TRANSGENIC EXPRESSION OF A GENE ENCODING A SYNTHETIC ANTIMICROBIAL PEPTIDE INHIBITS FUNGAL GROWTH IN PLANTA AND IN VITRO

Authors: Cary, Jeffrey; Rajasekaran, Kanniah - Rajah; JAYNES, JESSE - DEMEGEN INC.,PITTS,PA; Cleveland, Thomas

Submitted to: Plant Science
Publication Type: Peer Reviewed Journal
Publication Acceptance Date: 12/17/1999
Publication Date: N/A
Citation: N/A

Interpretive Summary: Plants defend themselves from microbial and insect pests by producing a number of different compounds that are toxic to the invading organism. However these defense mechanisms are often inadequate to protect the plant and need to be supplemented with synthetic, chemical pesticides. Using tobacco as a model system, we have genetically introduced a gene into the plants that enables them to produce a small peptide that has been shown to be toxic to fungal and bacterial plant pathogens. The peptide does not harm mammalian cells at the levels required to kill microbial pathogens. We identified tobacco plants carrying the peptide gene and many of these plants demonstrated increased resistance to attack by both bacterial and fungal pathogens. Successful transfer and expression of the peptide gene in commercially important crop plants such as cotton, peanut and corn will reduce the need for treating these crops with chemical pesticides thus reducing production costs for farmers. Less dependence on chemical pesticides will also be of benefit to the environment.
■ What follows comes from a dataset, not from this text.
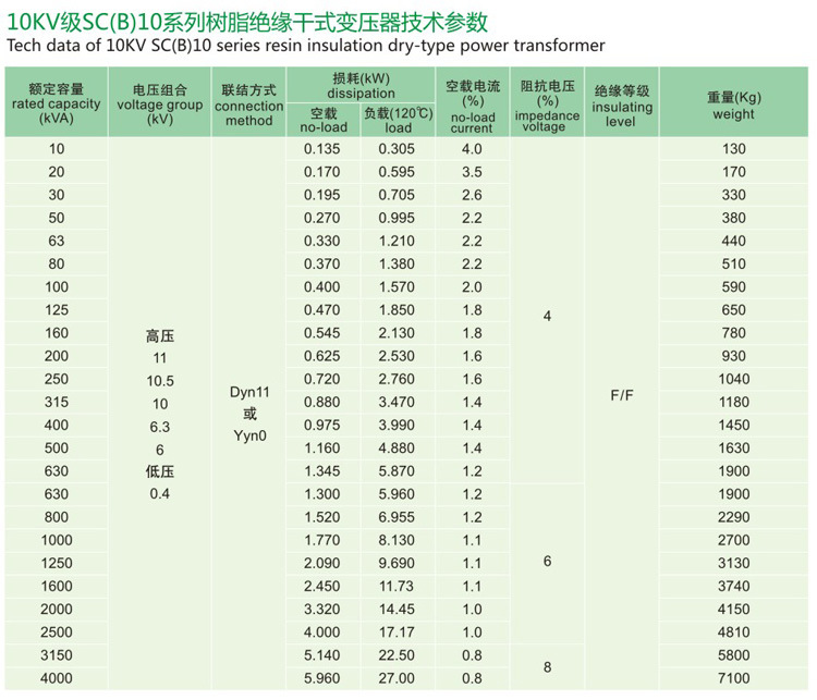 SCB10-100/10,SCB10-125/10 SCB10-160/10,SCB10-200/10,SCB10-250/10,SCB10-315/10,SCB10-400/10,SCB10-500/10 SCB10-630/10,SCB10-800/10,SCB10-1000/10,SCB10-1250/10,SCB10-1600/10 SCB10-2000/10,SCB10-2500/10 SCB10-3000/10SCB10變壓器執(zhí)行標(biāo)準(zhǔn): 1.GB1094.11—2007干式電力變壓器 2.GB/T10228—2008干式電力變壓器技術(shù)參數(shù)和要求 3.GB/T17211—1998干式電力變壓器負(fù)載導(dǎo)則 4.GBl094.10—2003電力變壓器第3部分:絕緣水平、絕緣試驗和外絕緣空氣間隙 5.JB/T10008—2004 6、500kV級變壓器聲級 6.JB/T56009—1998干式電力變壓器產(chǎn)品質(zhì)量分等

Technical Abstract: Transgenic tobacco plants producing the synthetic antimicrobial peptide D4E1, encoded by a gene under the control of an enhanced cauliflower mosaic virus 35S RNA promoter, were obtained by Agrobacterium-mediated transformation. Successful transformation was demonstrated by PCR and Southern hybridization analysis of tobacco DNAs. Expression of the synthetic D4E1 gene was shown by RT-PCR of tobacco mRNA. Crude protein extracts from leaf tissue of transformed plants significantly reduced the number of fungal colonies arising from germinating conidia of Aspergillus flavus and Verticillium dahliae by up to 75 percent and 99 percent, respectively, compared to extracts from plants transformed with pBI121. Compared to negative controls, tobacco plants expressing the D4E1 gene showed greater levels of disease resistance in planta to the fungal pathogen, Colletotrichum destructivum, which causes anthracnose.